AVAILABLE DATA:
....

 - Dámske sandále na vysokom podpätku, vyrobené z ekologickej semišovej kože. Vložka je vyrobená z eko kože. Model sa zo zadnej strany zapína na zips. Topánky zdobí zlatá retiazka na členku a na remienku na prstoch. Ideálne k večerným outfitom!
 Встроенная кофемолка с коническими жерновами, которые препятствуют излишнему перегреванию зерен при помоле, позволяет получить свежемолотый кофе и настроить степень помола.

....

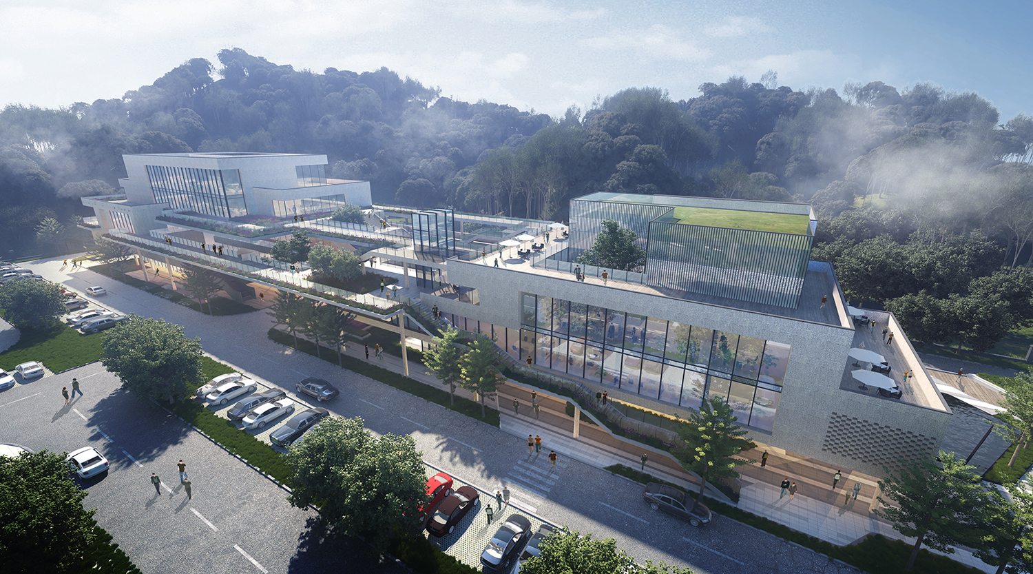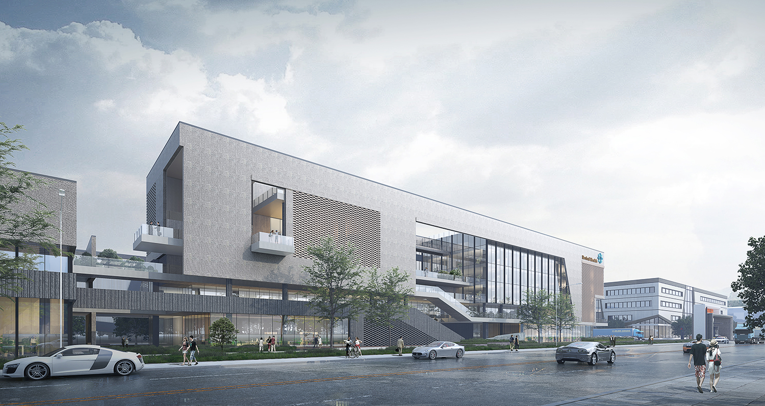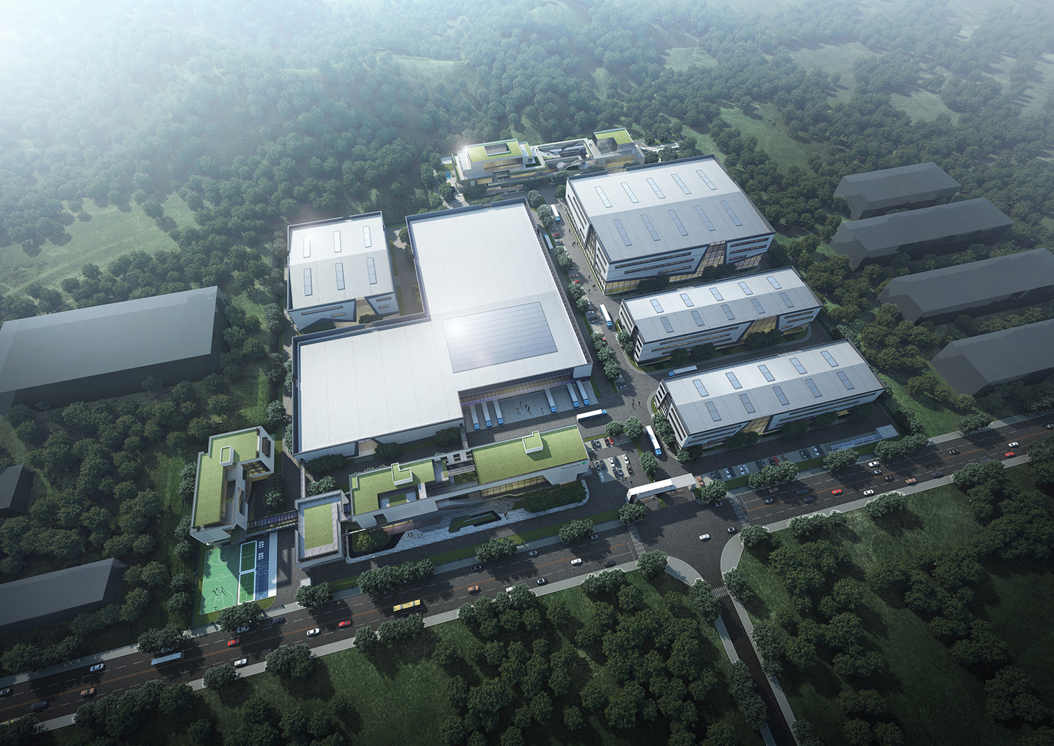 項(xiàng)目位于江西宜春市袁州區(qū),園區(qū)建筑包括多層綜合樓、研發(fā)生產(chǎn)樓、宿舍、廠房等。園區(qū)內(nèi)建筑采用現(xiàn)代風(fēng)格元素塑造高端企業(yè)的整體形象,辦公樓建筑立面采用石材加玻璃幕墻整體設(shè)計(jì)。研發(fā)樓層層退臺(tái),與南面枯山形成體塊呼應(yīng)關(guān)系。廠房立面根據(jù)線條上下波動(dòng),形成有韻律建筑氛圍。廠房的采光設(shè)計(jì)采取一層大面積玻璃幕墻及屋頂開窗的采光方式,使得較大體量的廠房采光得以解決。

....

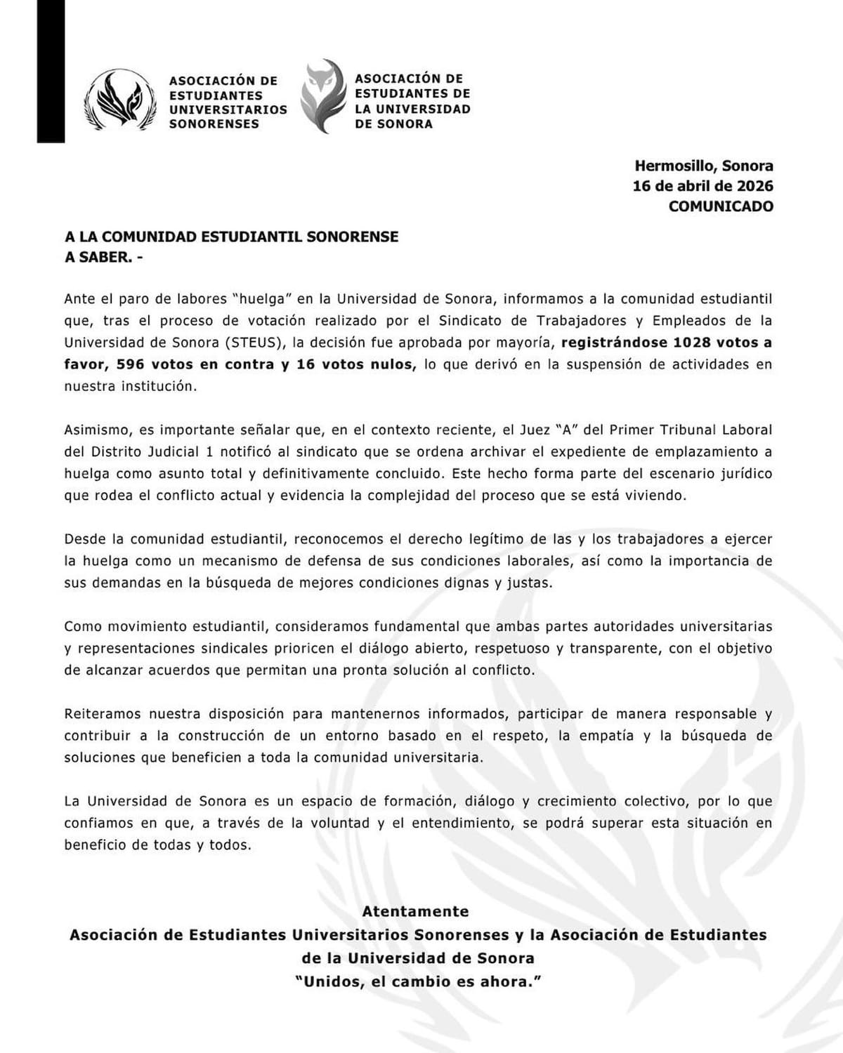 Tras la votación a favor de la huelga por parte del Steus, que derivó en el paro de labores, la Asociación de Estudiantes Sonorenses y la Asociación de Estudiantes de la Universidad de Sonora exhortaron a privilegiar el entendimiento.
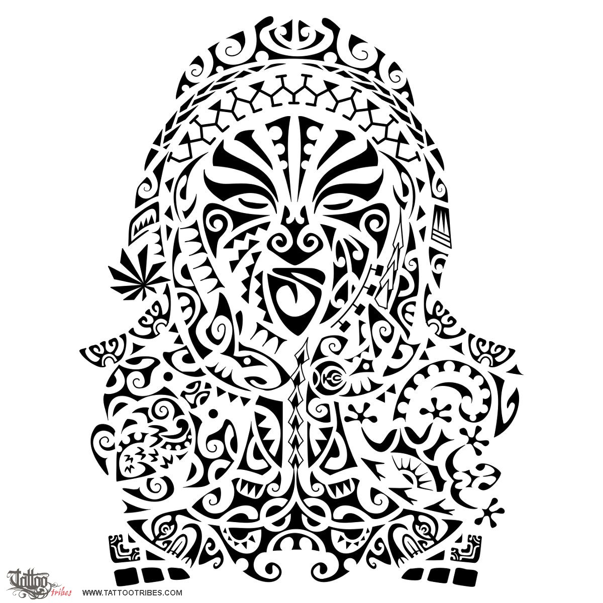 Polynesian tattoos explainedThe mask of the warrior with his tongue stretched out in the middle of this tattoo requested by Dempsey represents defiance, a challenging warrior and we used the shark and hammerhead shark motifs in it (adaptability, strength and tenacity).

....

WORK INSTRUCTIONS:
Only the lines above from the one with "- Dámske sandále" up to and including the one with "Встроенная кофемолка с" should be repeated, exactly as written.

FINISHED TASK:
 - Dámske sandále na vysokom podpätku, vyrobené z ekologickej semišovej kože. Vložka je vyrobená z eko kože. Model sa zo zadnej strany zapína na zips. Topánky zdobí zlatá retiazka na členku a na remienku na prstoch. Ideálne k večerným outfitom!
 Встроенная кофемолка с коническими жерновами, которые препятствуют излишнему перегреванию зерен при помоле, позволяет получить свежемолотый кофе и настроить степень помола.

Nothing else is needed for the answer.